The coalition has repeatedly bragged about bulk billing rates in the run-up to the election. A spokesman for the federal health minister, Greg Hunt, said: “GPS bulk billing rates reached 89.6% in the July-September 2021 quarter… patient costs.”
In March, Hunt issued a press release stating: “Essential medical care is more affordable than ever before as the number of Australians receiving essential out-of-pocket medical care continues to rise.”
Out-of-pocket health costs are a major issue for patients, says Consumers Health Forum (CHF) chief executive Leanne Wells.
“We’ve been skeptical about claims of high bulk billing rates for a while,” she said. “The rates do not reflect people’s experience when they find it difficult or impossible to find a bulk billing physician.”
To address rising out-of-pocket health costs, medical agencies, including the Australian Medical Association and the Royal College of General Practitioners, argue that Medicare rebates for patients should be increased.
The AMA president, Dr. Omar Khorshid, said freezing rebates across both major parties meant a patient’s Medicare rebate growth rate was below inflation and wage growth.
“In real terms, GPs are being asked to do more with less and this is impacting the viability of the practice and access to services for patients,” he said.
The CHF agrees that increasing rebates would boost primary health care. “If the discount were increased, it could encourage more realistic bulk billing,” Wells said.
Neither the Coalition nor Labor promise to increase the rebates. Faux believes it should, but also argues that until the problem of billing non-compliance and a dysfunctional Medicare system is addressed, increasing the rebate would do little to reduce out-of-pocket costs.
“Suppose we increase the discount from $39 to $40. Do you really think that the GPs who bill incorrectly and charge, say, a $35 ‘gap’, will reduce that amount to $34? Obviously not. just put it in his pocket, that won’t ease the out-of-cost burden for this consumer.
“So until we fix the broken, non-compliant business model, we can’t increase the discount.”
Faux said erroneous billing was not detected by government compliance officials because it was so common and didn’t show up on Medicare records as an outlier.
Anthony Scott, professor of health economics at the University of Melbourne, agrees with Faux that bulk billing statistics are inaccurate.
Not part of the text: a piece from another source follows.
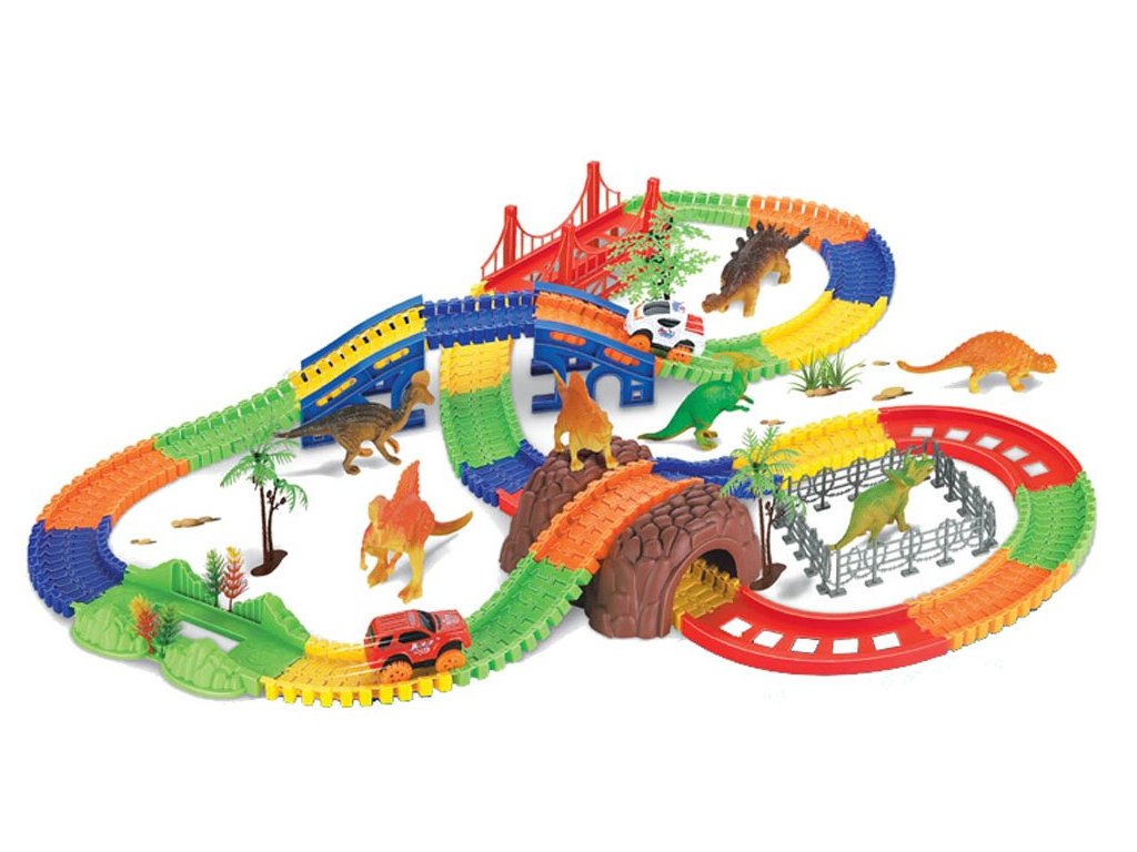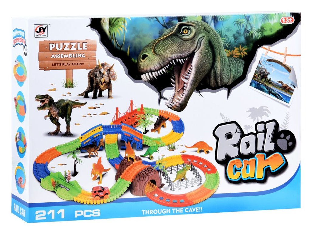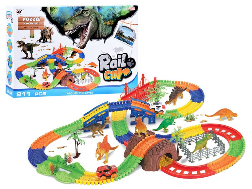 Autodráha s dinosaury je bohatě vybavena, skládá se celkem z 211 elementů. Díly dráhy můžete multifunkčně skládat.

He praised her work on billing and said she was the first to take it seriously.
Scott said out-of-pocket health care costs were rising faster than wages and faster than other consumer prices — and none of the major parties had offered significant policies to address the problem.
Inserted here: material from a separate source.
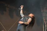 Da waren AMARANTHE doch von ganz anderem Kaliber. Auf die Schweden, die ich noch nie live gesehen hatte, habe ich mich am meisten gefreut. Und es sollte sich zeigen, dass die Veranstalter mit dem „Einkauf“ der Truppe definitiv ein gutes Händchen bewiesen haben. Mit dem Opener „Maximize“ vom aktuellen Album „Maximalism“ konnte Sechser die Bühne und das Infield sofort in seinen Bann ziehen. Das Trio Nils Molin (der im letzten Jahr Jake E. Lundberg ersetzt hatte), Henrik Englund Wilhelmsson und Elize Ryd füllte die Bühne von der ersten Sekunde an aus und strahlte fast mehr Energie aus als die brennende Julisonne. Mit „On The Rocks“ ging es aktuell weiter – das umstrittene „That Song“ sparte man sich. Wäre live allerdings interessant gewesen. „Digital World“ leite zum brachialen „Dynamite“ über, bevor es mit „1000000 Lightyears“ den ersten Superhit gab. Grandioser Song, grandiose Performance! Mit „Invincible“ wurde den Fans kaum Zeit zum Durchatmen gegeben. Erst mit dem langsamen, aber doch genialen „Amaranthine“ gab es eine kurze Verschnaufpause im Modern Metal Zirkus. Das Ende der Show kam viel zu früh und mit „Hunger“, „Drop Dead Cynical“ und „The Nexus“ sogen die Schweden nochmal alle Register. Ich bin bekanntlich kein Modern Metal oder Metalcore Fan, aber AMARANTHE holten sich an diesem Freitag ohne Probleme den Pokal für die beste Band des Tages. Und wie sich zeigen sollte, konnte auch im weiteren Verlauf des Festivals keine Band an die energiegeladene Performance von Elize und ihren Jungs herankommen. AMARANTHE ist gelungen, was vielen Bands nicht gelingt: sie haben das Publikum mit ihrem Auftritt bestens unterhalten. Alle Daumen hoch für AMARANTHE!

In addition to rising GP costs are specialist costs, where there is little transparency about out-of-pocket costs and reimbursements. Scott said it can be harder to “shop around” for a specialist appointment because waiting lists are long, referrals are hard to get, and appointments are scarce.
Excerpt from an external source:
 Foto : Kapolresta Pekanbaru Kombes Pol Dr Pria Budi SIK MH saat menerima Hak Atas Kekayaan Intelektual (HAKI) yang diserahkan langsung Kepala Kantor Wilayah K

“Specialists just aren’t touched by calls for reform,” Scott said. This is despite only 35% of specialist consultations being billed in bulk in 2020-21, he said. Less affluent people with more pressing health needs are also disproportionately affected by these fees and are forced to get on public lists where wait times are longer.
“There’s even less oversight and data when it comes to the specialist side of the healthcare cost debate,” Scott said. “In oncology, for example, an increasing share of cancer care is provided by the private sector. And when you have cancer, you just want to get rid of it as soon as possible. You don’t have time to shop.”